As above, we should avoid saying that reload doesn't understand
the concept.  We're just working around a specific bug.

> +  if (paradoxical_subreg_p (operands[1]))
> +    {
> +      if (!reg_overlap_mentioned_p (operands[0], operands[1]))
> +     emit_clobber (operands[0]);
> +      poly_uint64 offset = SUBREG_BYTE (operands[1]);
> +      operands[1] = SUBREG_REG (operands[1]);
> +      operands[0] = simplify_gen_subreg (GET_MODE (operands[1]), operands[0],
> +                                      <MODE>mode, offset);
> +    }

SUBREG_BYTE is always 0 for paradoxical subregs, so this will do the
wrong thing for big-endian.  It's probably better to use gen_lowpart
to get the destination.

We should probably also check that operands[0] is a REG.  In practice
it probably always will be at this point if the source is a SUBREG,
but it doesn't follow automatically, and given that this is supposed
to be a safe backport...

FWIW, another option would be to make aarch64_preferred_reload_class
return FP_REGS for 128-bit vector modes, if the given class is a
superset of FP_REGS.  On the one hand that feels cleaner: there's a
good argument that we should be doing that anyway, since it means
we can reload in Q registers rather than pairs of X registers.
But on the other hand, it feels less safe for backporting.  E.g. maybe
we'll find another corner case that fails if a GPR *isn't* chosen.

Thanks,
Richard

>From f75d209ab3c27fcfea915fe77f37fa4f973f9dd0 Mon Sep 17 00:00:00 2001
From: Richard Sandiford <[email protected]>
Date: Mon, 9 Mar 2020 19:42:57 +0000
Subject: [PATCH 1/2] lra: Tighten check for reloading paradoxical subregs
 [PR94052]

simplify_operand_subreg tries to detect whether the allocation for
a pseudo in a paradoxical subreg is also valid for the outer mode.
The condition it used to check for an invalid combination was:

  else if (REG_P (reg)
	   && REGNO (reg) >= FIRST_PSEUDO_REGISTER
	   && (hard_regno = lra_get_regno_hard_regno (REGNO (reg))) >= 0
	   && (hard_regno_nregs (hard_regno, innermode)
	       < hard_regno_nregs (hard_regno, mode))
	   && (regclass = lra_get_allocno_class (REGNO (reg)))
	   && (type != OP_IN
	       || !in_hard_reg_set_p (reg_class_contents[regclass],
				      mode, hard_regno)
	       || overlaps_hard_reg_set_p (lra_no_alloc_regs,
					   mode, hard_regno)))

I think there are two problems with this:

(1) It never actually checks whether the hard register is valid for the
    outer mode (in the hard_regno_mode_ok sense).  If it isn't, any attempt
    to reload in the outer mode is likely to cycle, because the implied
    regno/mode combination will be just as invalid next time
    curr_insn_transform sees the subreg.

(2) The check is valid for little-endian only.  For big-endian we need
    to move hard_regno backwards.

Using simplify_subreg_regno should avoid both problems.
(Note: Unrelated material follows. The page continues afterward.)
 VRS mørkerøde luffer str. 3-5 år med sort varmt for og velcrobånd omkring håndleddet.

As the existing comment says, IRA should always take subreg references
into account when allocating hard registers, so this fix-up should only
really be needed for pseudos allocated by LRA itself.
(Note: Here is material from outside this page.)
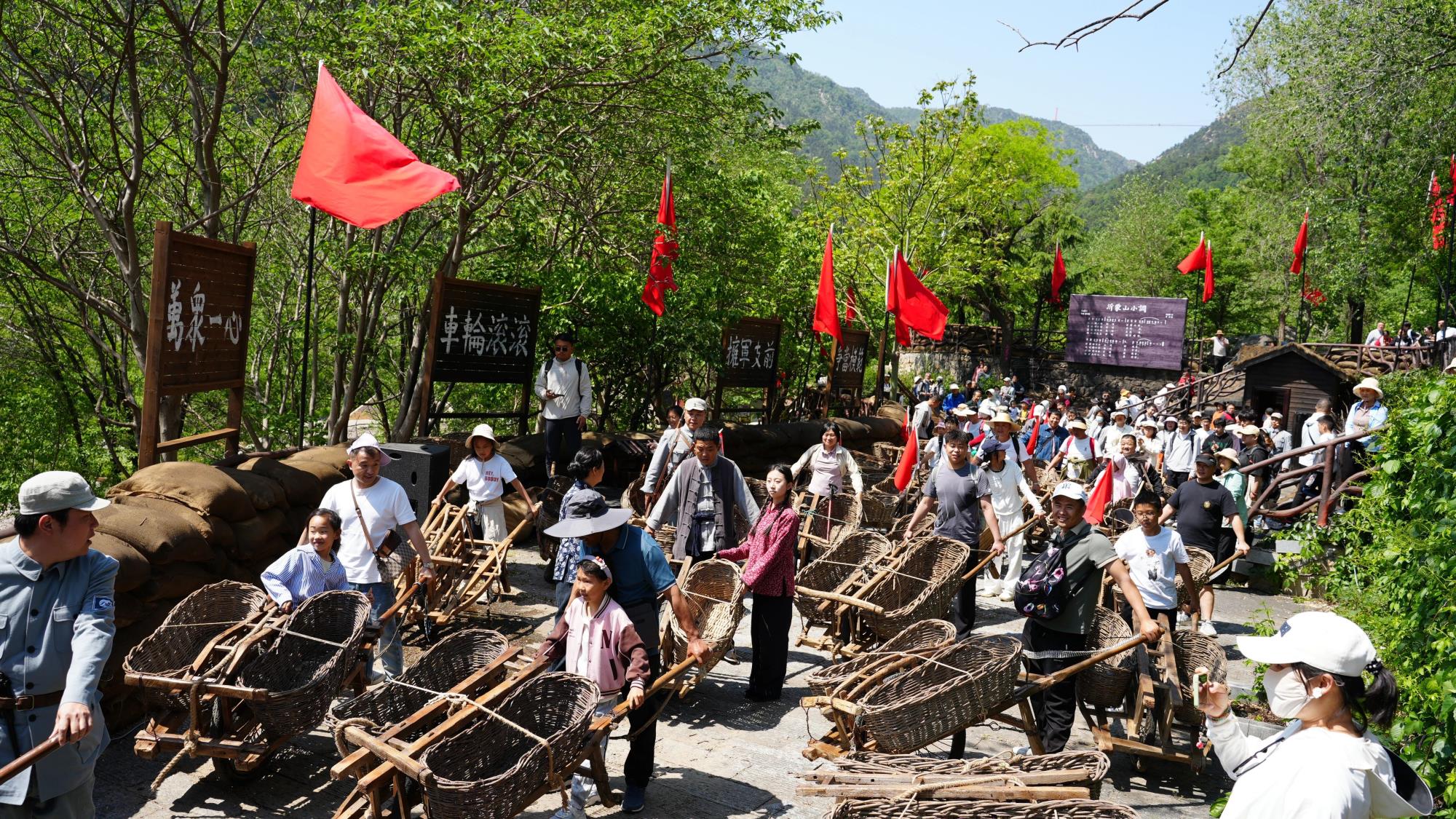 天蒙景區(qū)的《沂蒙山小調(diào)》實(shí)景演藝震撼登場。游客踏入景區(qū),便化身“穿越者”,手持銀票在景區(qū)內(nèi)兌換物資、完成戰(zhàn)時(shí)任務(wù),還能與NPC互動(dòng),沉浸式解鎖“血火歲月”劇情線,讓紅色文旅實(shí)現(xiàn)沉浸式升級,深受游客喜愛。鑫誠田園和萌樂世界讓萌寵經(jīng)濟(jì)跨界破圈,打造“森系電音×萌寵社交×火鍋盛宴”場景,萌鹿伴餐、羊駝巡游、泡泡矩陣與露營天幕構(gòu)成近郊親子游的“多巴胺天堂”。新甫山“世界最長過山車”項(xiàng)目人氣爆棚,鋼鐵巨龍穿梭云霧間,腳下萬株繡球花以莫奈色系鋪就“流動(dòng)油畫”,帶來極限與浪漫的雙重暴擊。五蓮山躺“坪”音樂會邀請武文及原《喜劇學(xué)院》團(tuán)隊(duì)用磁帶金曲喚醒青春記憶,游客枕著花香聽《光陰的故事》,暢享山海之間的音樂療愈。

2020-03-10  Richard Sandiford  <[email protected]>

gcc/
	PR rtl-optimization/94052
	* lra-constraints.c (simplify_operand_subreg): Reload the inner
	register of a paradoxical subreg if simplify_subreg_regno fails
	to give a valid hard register for the outer mode.
---
 gcc/lra-constraints.c | 24 ++++++++++++++----------
 1 file changed, 14 insertions(+), 10 deletions(-)
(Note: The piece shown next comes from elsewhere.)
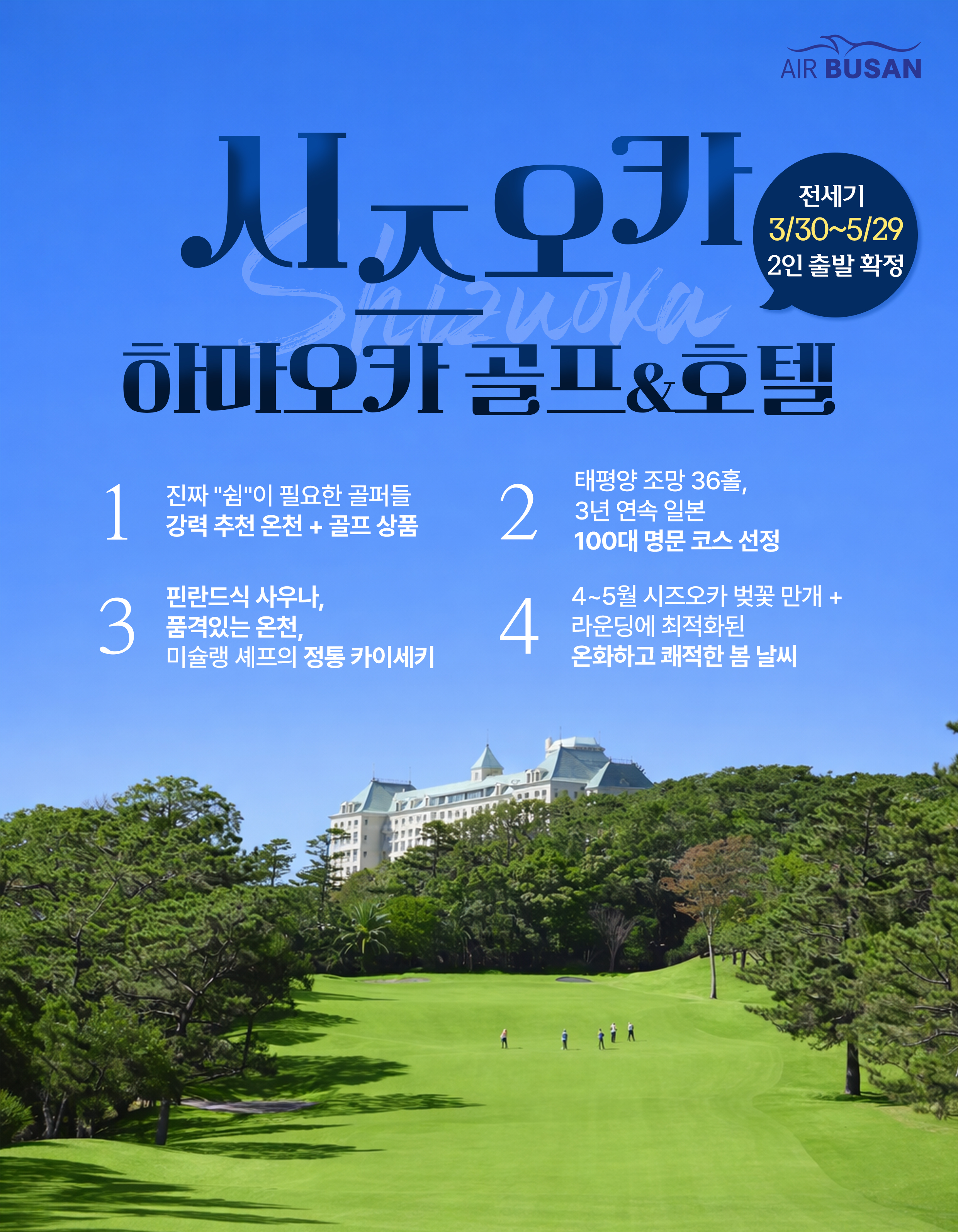 [부산직항] 💚월/수 출발 2박3일💚 🌊시즈오카 컨트리 하마오카 코스&호텔 36홀 라운드 #온천힐링 #오션뷰 코스 #36홀 규모 #일본 100대 명문

diff --git a/gcc/lra-constraints.c b/gcc/lra-constraints.c
index f71e0c9ff8d..bf6d4a2fd4b 100644
--- a/gcc/lra-constraints.c
+++ b/gcc/lra-constraints.c
@@ -1489,7 +1489,7 @@ static bool process_address (int, bool, rtx_insn **, rtx_insn **);
 static bool
 simplify_operand_subreg (int nop, machine_mode reg_mode)
 {
-  int hard_regno;
+  int hard_regno, inner_hard_regno;
   rtx_insn *before, *after;
   machine_mode mode, innermode;
   rtx reg, new_reg;
@@ -1735,15 +1735,19 @@ simplify_operand_subreg (int nop, machine_mode reg_mode)
      for the new uses.  */
   else if (REG_P (reg)
 	   && REGNO (reg) >= FIRST_PSEUDO_REGISTER
-	   && (hard_regno = lra_get_regno_hard_regno (REGNO (reg))) >= 0
-	   && (hard_regno_nregs (hard_regno, innermode)
-	       < hard_regno_nregs (hard_regno, mode))
-	   && (regclass = lra_get_allocno_class (REGNO (reg)))
-	   && (type != OP_IN
-	       || !in_hard_reg_set_p (reg_class_contents[regclass],
-				      mode, hard_regno)
-	       || overlaps_hard_reg_set_p (lra_no_alloc_regs,
-					   mode, hard_regno)))
+	   && paradoxical_subreg_p (operand)
+	   && (inner_hard_regno = lra_get_regno_hard_regno (REGNO (reg))) >= 0
+	   && ((hard_regno
+		= simplify_subreg_regno (inner_hard_regno, innermode,
+					 SUBREG_BYTE (operand), mode)) < 0
+	       || ((hard_regno_nregs (inner_hard_regno, innermode)
+		    < hard_regno_nregs (hard_regno, mode))
+		   && (regclass = lra_get_allocno_class (REGNO (reg)))
+		   && (type != OP_IN
+		       || !in_hard_reg_set_p (reg_class_contents[regclass],
+					      mode, hard_regno)
+		       || overlaps_hard_reg_set_p (lra_no_alloc_regs,
+						   mode, hard_regno)))))
     {
       /* The class will be defined later in curr_insn_transform.  */
       enum reg_class rclass
-- 
2.17.1

>From 19ae0b272c7a191634249cdab90e5d9512b1474b Mon Sep 17 00:00:00 2001
From: Richard Sandiford <[email protected]>
Date: Tue, 10 Mar 2020 09:17:17 +0000
Subject: [PATCH 2/2] expand: Tweak paradoxical subreg handling in
 emit_group_store [PR94052]

emit_group_store normally tries to start the sequence by storing
a paradoxical subreg of one source value into the whole destination.
That seems reasonable when the destination is effectively a single
register, but as explained in the comment, it seems likely to make
things worse then the destination is bigger than that.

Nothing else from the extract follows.